Implementation of a Whisper Architecture-Based Turkish Automatic Speech Recognition (ASR) System and Evaluation of the Effect of Fine-Tuning with a Low-Rank Adaptation (LoRA) Adapter on Its Performance


Polat H., Turan A. K., Koçak C., Ulaş H. B.

ELECTRONICS, cilt.13, sa.21, 2024 (SCI-Expanded) identifier identifier

  • Yayın Türü: Makale / Tam Makale
  • Cilt numarası: 13 Sayı: 21
  • Basım Tarihi: 2024
  • Doi Numarası: 10.3390/electronics13214227
  • Dergi Adı: ELECTRONICS
  • Derginin Tarandığı İndeksler: Science Citation Index Expanded (SCI-EXPANDED), Scopus, Aerospace Database, Communication Abstracts, INSPEC, Metadex, Directory of Open Access Journals, Civil Engineering Abstracts
  • Gazi Üniversitesi Adresli: Evet

Özet

This paper focuses on the implementation of the Whisper architecture to create an automatic speech recognition (ASR) system optimized for the Turkish language, which is considered a low-resource language in terms of speech recognition technologies.
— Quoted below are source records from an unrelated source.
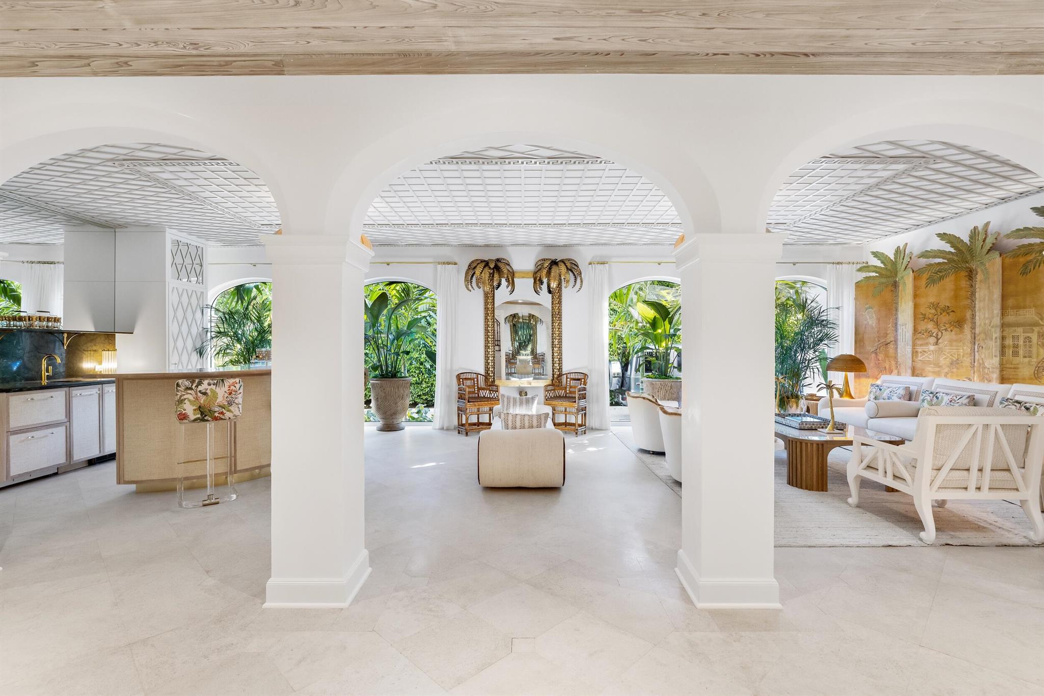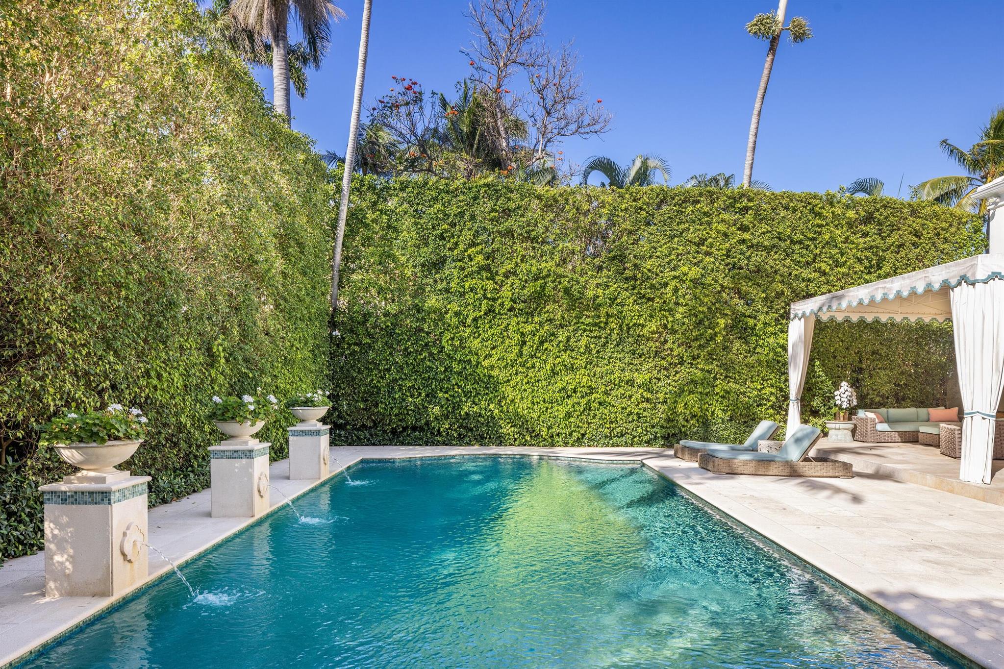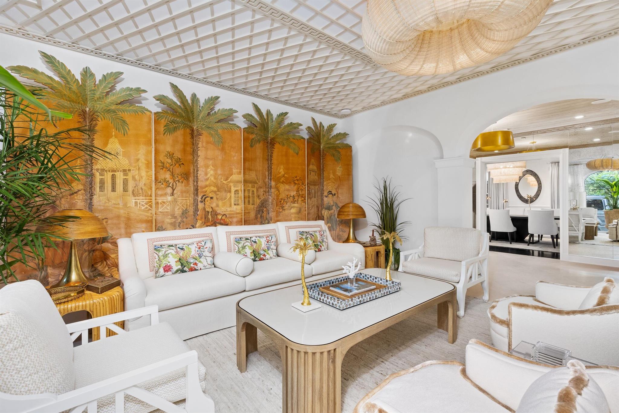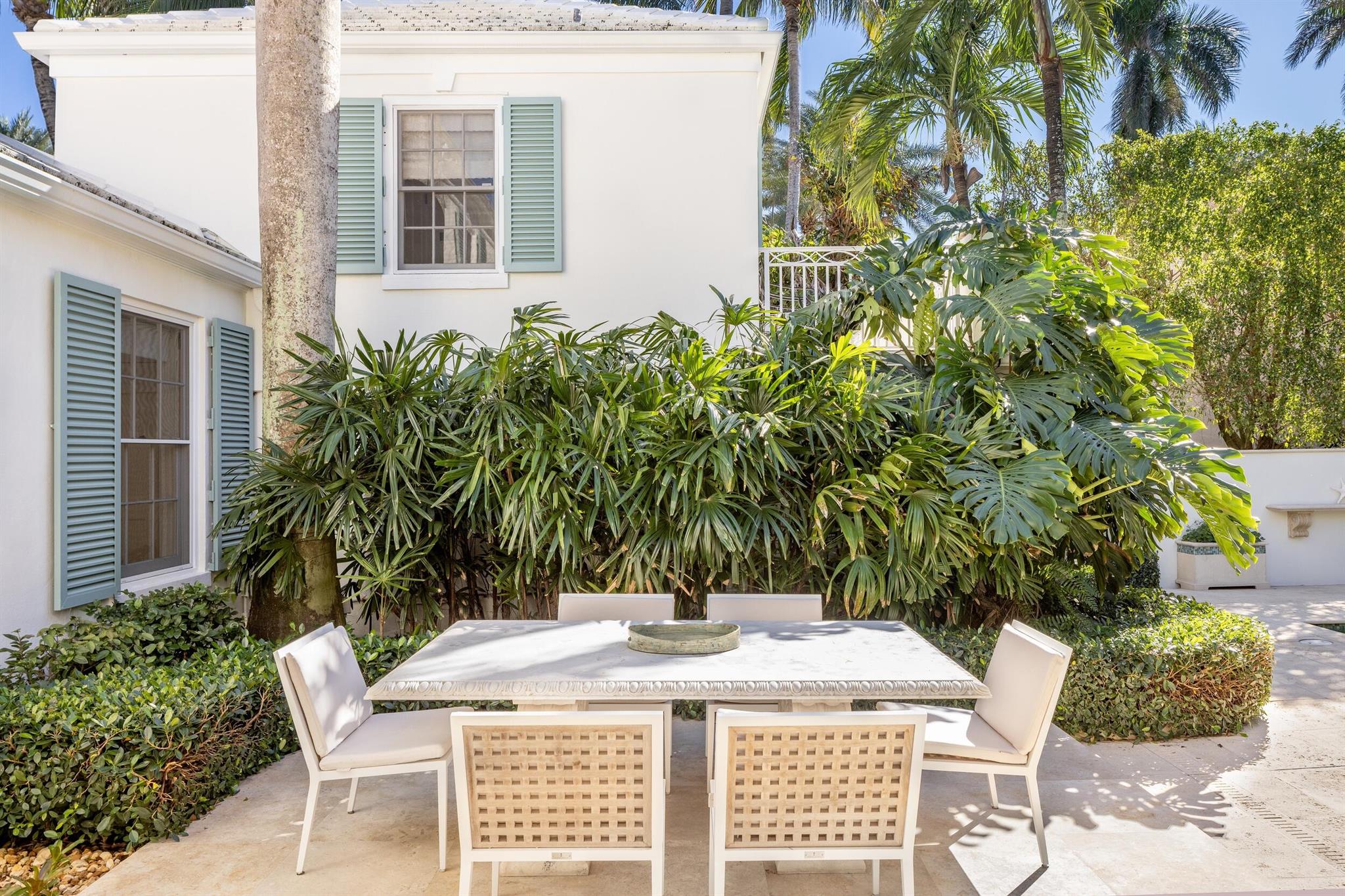 Gorgeously remodeled Monterey Colonial home designed by renowned Palm Beach architect John Volk. 6 bedrooms, 7 full baths, and powder room. Situated on a 14,500 +/- square foot lot, this home features over 7,000 total square feet, formal living room, and beautiful dining room. Formal entryway and large gallery hall. Oversized interior loggia leading to gourmet eat-in chef's kitchen and breakfast room. Iconic John Volk staircase leads to second floor den with Juliet Balcony. Expansive primary suite features gorgeous bath with stunning marble floors and details. Beautiful and serene landscaping surrounds large pool and covered patio. Gracious entry approach and parking with circular drive and driveway leading to 2 car air-conditioned garage. Guest apartment with terrace overlooking pool.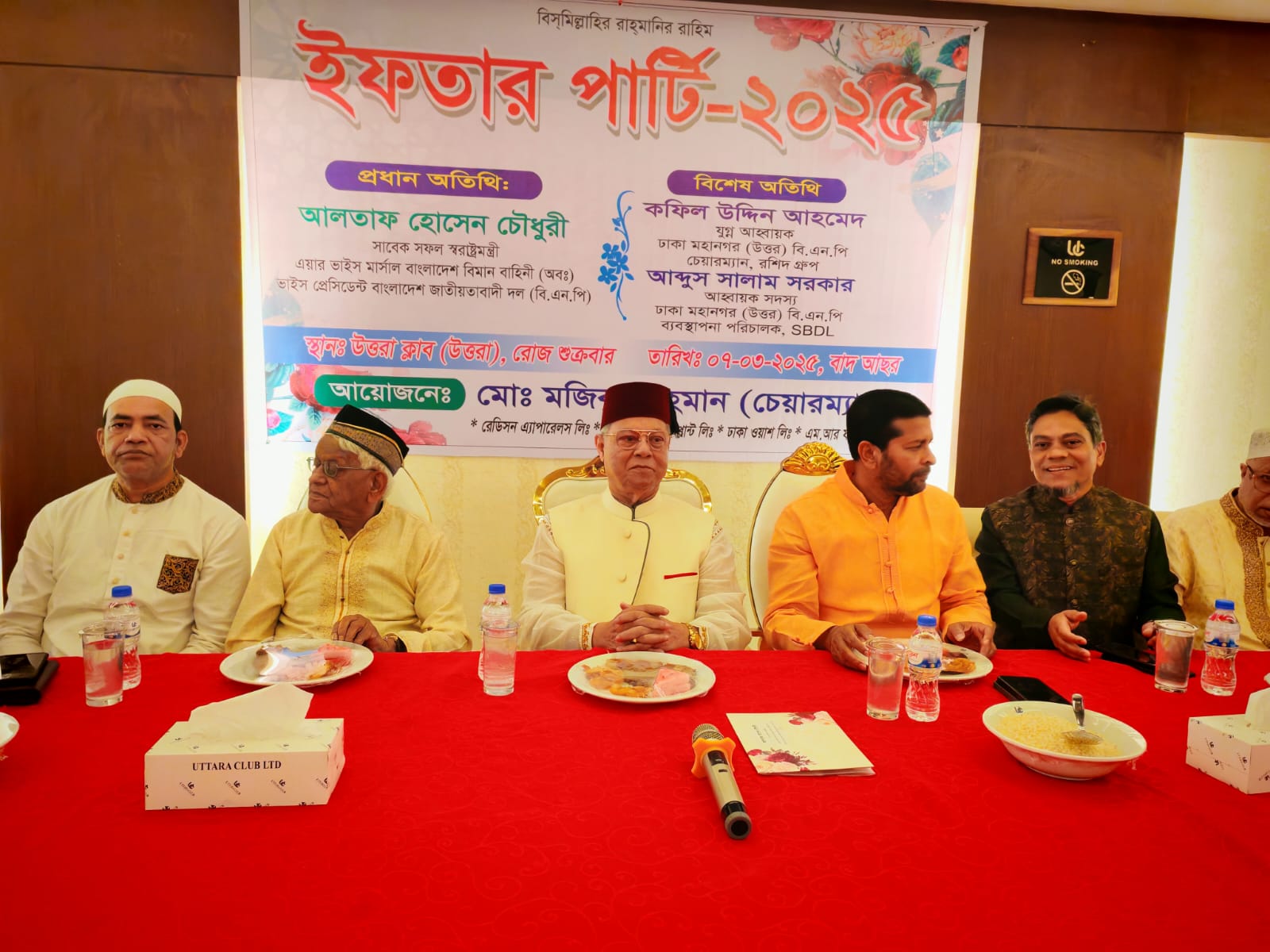 ইব্রাহিম হাসান ঃ উত্তরা ক্লাবে বিশিষ্টজনদের সম্মানে ইফতার মাহফিল অনুষ্ঠিত হয়। (৭মার্চ) রোজ শুক্রবার উত্তরা ক্লাবের ভিআইপি লাউঞ্জে ইফতার মাহফিল অনুষ্ঠিত হয়।এতে প্রধান অতিথি অতিথি হিসেবে উপস্থিত ছিলেন সাবেক স্বরাষ্ট্রমন্ত্রী ও বিএনপির ভাইস প্রেসিডেন্ট আলতাব হোসেন চৌধুরী।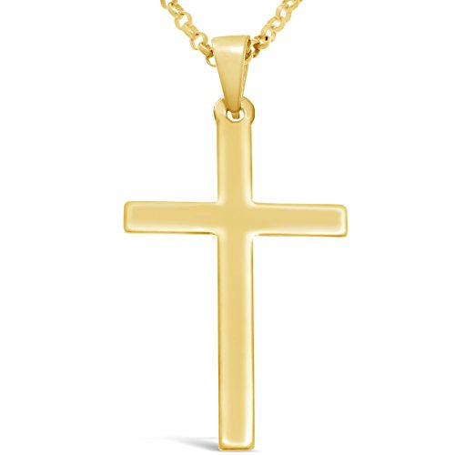 FANCIME Yellow Gold Plated 925 Solid Sterling Silver High Polished Mens Crucifix Sharp Pendant Fine Jewellery for Mens Boys, with Stainless Steel Box Chain Necklace Length 22 Inch

Whisper is a transformer-based model known for its high performance across numerous languages. However, its performance in Turkish, a language with unique linguistic features and limited labeled data, has yet to be fully explored. To address this, we conducted a series of experiments using five different Turkish speech datasets to assess the model's baseline performance. Initial evaluations revealed a range of word error rates (WERs) between 4.3% and 14.2%, reflecting the challenges posed by Turkish. To improve these results, we applied the low-rank adaptation (LoRA) technique, which is designed to fine-tune large-scale models efficiently by introducing a reduced set of trainable parameters. After fine-tuning, significant performance improvements were observed, with WER reductions of up to 52.38%. This study demonstrates that fine-tuned Whisper models can be successfully adapted for Turkish, resulting in a robust and accurate end-to-end ASR system. This research highlights the applicability of Whisper in low-resource languages and provides insights into the challenges of and strategies for improving speech recognition performance in Turkish.